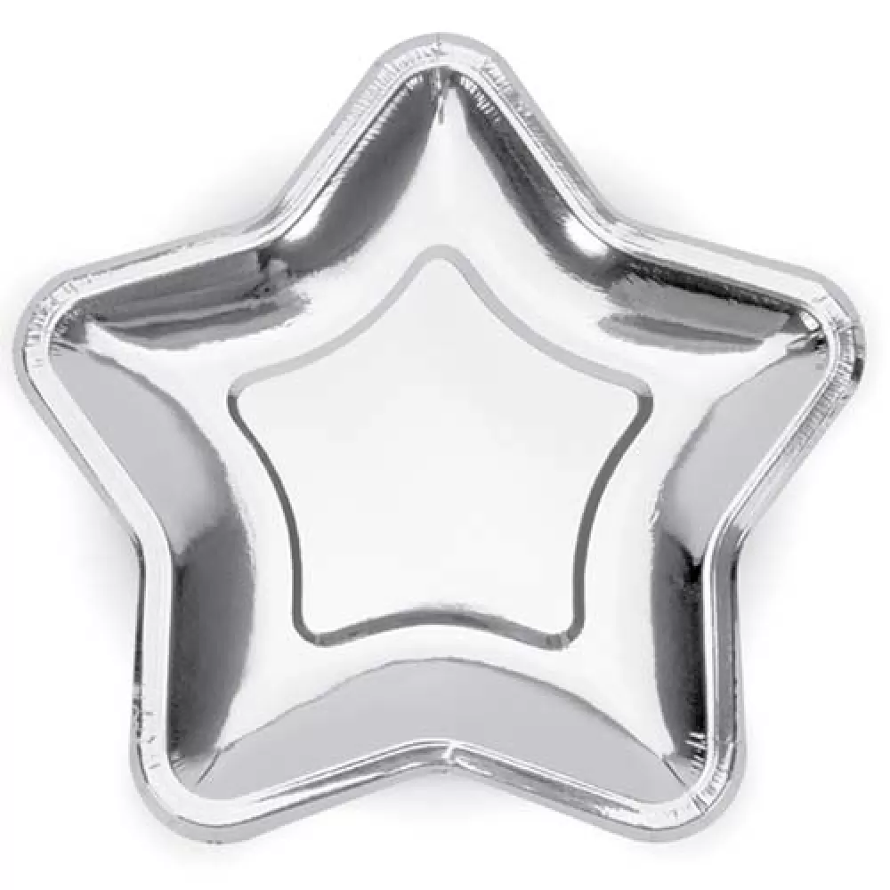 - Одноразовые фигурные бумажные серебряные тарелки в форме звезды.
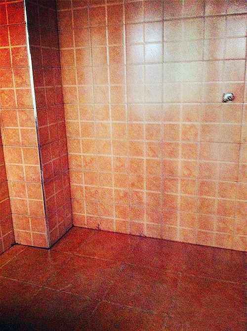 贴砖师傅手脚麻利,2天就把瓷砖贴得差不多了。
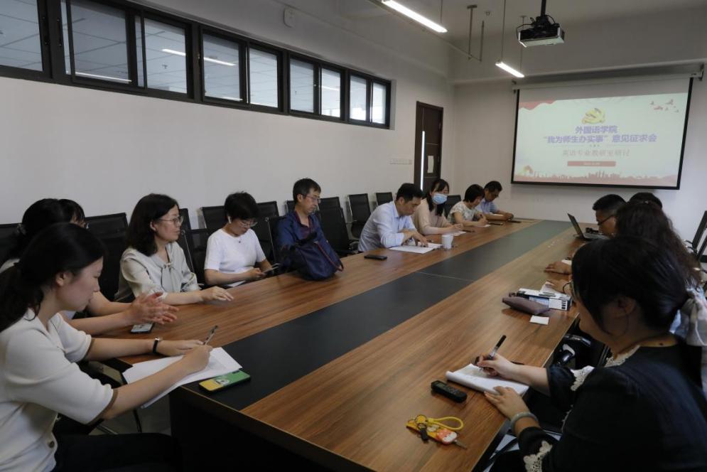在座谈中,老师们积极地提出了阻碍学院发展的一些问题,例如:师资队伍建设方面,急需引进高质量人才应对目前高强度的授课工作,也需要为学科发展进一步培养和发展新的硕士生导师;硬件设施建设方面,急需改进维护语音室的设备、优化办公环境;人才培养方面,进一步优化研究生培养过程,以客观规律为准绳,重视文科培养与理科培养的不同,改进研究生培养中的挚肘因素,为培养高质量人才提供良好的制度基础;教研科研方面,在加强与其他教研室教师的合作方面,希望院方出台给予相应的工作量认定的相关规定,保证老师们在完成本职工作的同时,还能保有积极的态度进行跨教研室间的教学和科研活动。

...

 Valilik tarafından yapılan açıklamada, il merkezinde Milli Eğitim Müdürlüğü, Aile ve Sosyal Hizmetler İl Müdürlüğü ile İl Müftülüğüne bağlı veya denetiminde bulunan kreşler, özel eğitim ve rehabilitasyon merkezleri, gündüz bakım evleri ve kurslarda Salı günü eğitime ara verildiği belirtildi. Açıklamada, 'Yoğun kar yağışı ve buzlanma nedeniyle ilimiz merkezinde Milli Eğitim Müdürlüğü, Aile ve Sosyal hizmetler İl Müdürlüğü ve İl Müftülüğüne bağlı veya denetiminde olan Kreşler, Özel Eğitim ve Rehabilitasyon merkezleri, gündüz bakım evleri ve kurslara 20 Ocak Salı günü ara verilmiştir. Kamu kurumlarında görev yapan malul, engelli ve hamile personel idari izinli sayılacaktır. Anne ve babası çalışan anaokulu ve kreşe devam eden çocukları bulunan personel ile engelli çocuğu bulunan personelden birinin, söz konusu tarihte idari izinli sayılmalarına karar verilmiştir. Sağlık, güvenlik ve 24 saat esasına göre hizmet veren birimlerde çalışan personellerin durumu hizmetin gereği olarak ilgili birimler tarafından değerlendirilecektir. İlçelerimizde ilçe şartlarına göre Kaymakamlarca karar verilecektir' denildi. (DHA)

* * *

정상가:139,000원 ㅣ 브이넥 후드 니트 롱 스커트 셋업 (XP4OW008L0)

> _PROBLEM_
Copy out exactly the lines above beginning with the line that contains "贴砖师傅手脚麻利,2天就把瓷砖贴得差不多了。" and finishing with the line that contains "在座谈中,老师们积极地提出了", including both; leave the pictures out.

> _ANSWER_
 贴砖师傅手脚麻利,2天就把瓷砖贴得差不多了。
在座谈中,老师们积极地提出了阻碍学院发展的一些问题,例如:师资队伍建设方面,急需引进高质量人才应对目前高强度的授课工作,也需要为学科发展进一步培养和发展新的硕士生导师;硬件设施建设方面,急需改进维护语音室的设备、优化办公环境;人才培养方面,进一步优化研究生培养过程,以客观规律为准绳,重视文科培养与理科培养的不同,改进研究生培养中的挚肘因素,为培养高质量人才提供良好的制度基础;教研科研方面,在加强与其他教研室教师的合作方面,希望院方出台给予相应的工作量认定的相关规定,保证老师们在完成本职工作的同时,还能保有积极的态度进行跨教研室间的教学和科研活动。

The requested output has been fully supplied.